> EXERCISE
Exactly reproduce the lines from the one containing "Esta releitura moderna" through the last line of the data, both ends included, leaving out pictures.

> GIVEN INFORMATION

Content starts

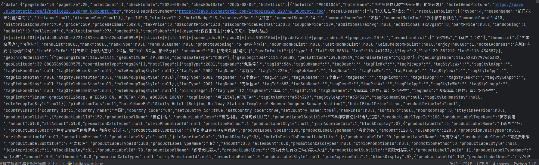 3.那我们需要实现在本地去请求这个接口拿到酒店数据,使用Python requests库实现,可以看到如下代码中携带了很多入参,这些参数都是必须的(我已经筛选过了),SessionToken为登录后的账号凭证,无法在本地模拟生成,只能手动去页面复制出来。
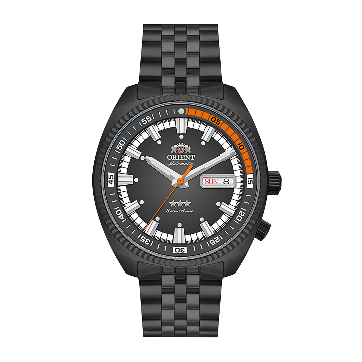 Esta releitura moderna preserva a estética marcante dos modelos históricos e traz de volta a essência dos antigos tool watches japoneses, com visual de peça de arquivo histórico, mas com a solidez e a confiabilidade que o público contemporâneo espera. O bezel canelado cria profundidade e presença, enquanto o aro interno bidirecional reforça o caráter instrumental do relógio. O mostrador em camadas, com índices aplicados recebe acabamento sunray escuro com escovação radial refinada, criando um jogo de luz que alterna entre tons profundos e reflexos metálicos, trazendo vida e profundidade ao mostrador a cada movimento do pulso ampliando a sensação de profundidade e identidade visual. Um clássico que não apenas retorna, evolui.
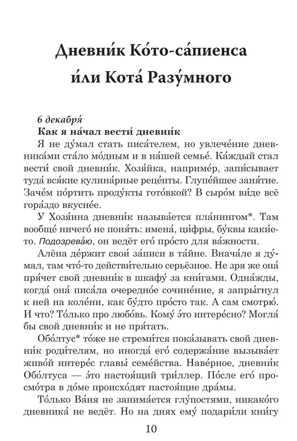 Повесть написана от лица кота Барсика, который в дневнике рассказывает о своих приключениях. Он с юмором описывает, как он живёт в одной большой семье.

Content ends

> WRITTEN REPLY
 Esta releitura moderna preserva a estética marcante dos modelos históricos e traz de volta a essência dos antigos tool watches japoneses, com visual de peça de arquivo histórico, mas com a solidez e a confiabilidade que o público contemporâneo espera. O bezel canelado cria profundidade e presença, enquanto o aro interno bidirecional reforça o caráter instrumental do relógio. O mostrador em camadas, com índices aplicados recebe acabamento sunray escuro com escovação radial refinada, criando um jogo de luz que alterna entre tons profundos e reflexos metálicos, trazendo vida e profundidade ao mostrador a cada movimento do pulso ampliando a sensação de profundidade e identidade visual. Um clássico que não apenas retorna, evolui.
 Повесть написана от лица кота Барсика, который в дневнике рассказывает о своих приключениях. Он с юмором описывает, как он живёт в одной большой семье.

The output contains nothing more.